# Not quite wood...but



## SDB777 (Mar 7, 2012)

I had it laying on a piece of wood at some point in time? It's Baron Chrome Rollerball with my home cast US stamp blank.







Made this as part of an experiment. Learned a few things to do, and more importantly...not to do!




Finished this one just a while ago. Looking for a suitable wood to use as a cigar wrapper. Maybe, maybe not? I'll just make a cap out of a Pine Cone for this one....this one is the Sedona Bright Copper Rollerball. Was thinking about glue-ing a cigar band on it and making a cap with ash, but I'm not sure it's the right color.








Pine Cone is in the works!







Scott (25 or 6 to 4 = stupid song) B


----------



## Dennis_Peacock (Mar 8, 2012)

Very nice. I like them both.


----------



## SDB777 (Mar 11, 2012)

Dennis_Peacock said:


> Very nice. I like them both.



Howdy neighbor! Thanks for the nice words.....I'm still not to sure about the postage stamp one, but I guess it's growing on me a little?
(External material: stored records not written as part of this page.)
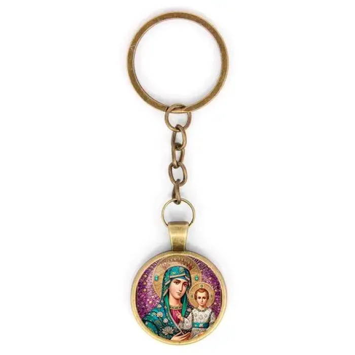 Этот круглый брелок с изображением Богородицы и Иисуса — символ духовности и веры. Изготовленный из бижутерного сплава с покрытием под бронзу и стекла, он станет не только практичным аксессуаром, но и значимым подарком для близких. Размеры брелка (с кольцом и цепочкой) составляют 28х95 мм, что делает его удобным для ношения. Изображение защищено выпуклой стеклянной линзой, обеспечивая долговечность и яркость деталей. Такой брелок может стать прекрасным напоминанием о важности веры в повседневной жизни.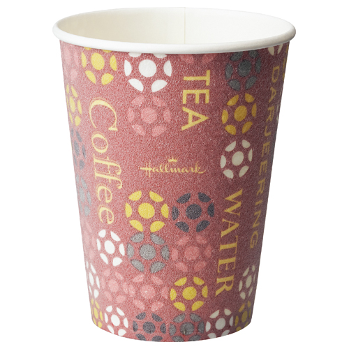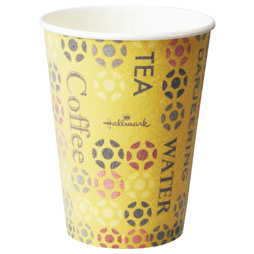 ●ホールマーク社デザイン。カップ表面にフィルムの気泡層があるので中の飲み物の温度を手に伝えにくく、持って熱く感じにくいカップです。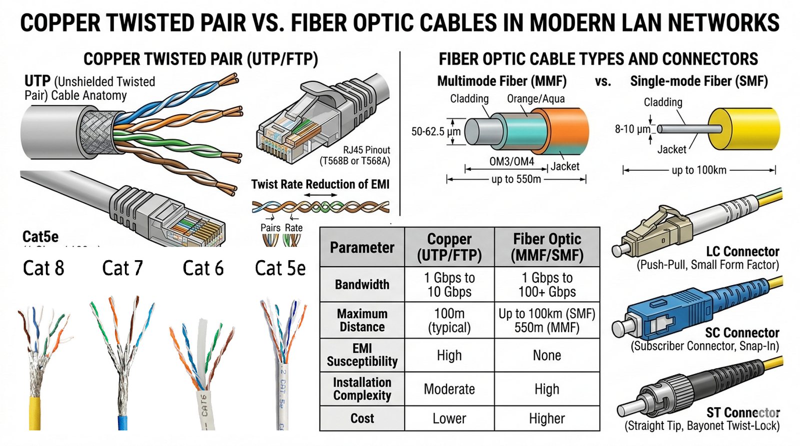 W2 Okablowanie strukturalne, skrętka UTP/STP, kategorie kabli, światłowody jednomodowe i wielomodowe, zjawisko tłumienia sygnału.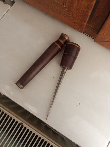 - Material: cilalanmış tünd rəngli ağac dəstək, metal uclu iynə (biz tipli).

Scott (growing like the vortex...) B


----------



## forestgreen (Mar 19, 2012)

I like the concept behind the stamp one, perhaps you can create some other graphics that can work in the same structure, based on the second photo I am assuming that these are both pens (please correct me if I am wrong), it would be cool to have a custom design inside the pen as opposed to stamps, just a thought.


----------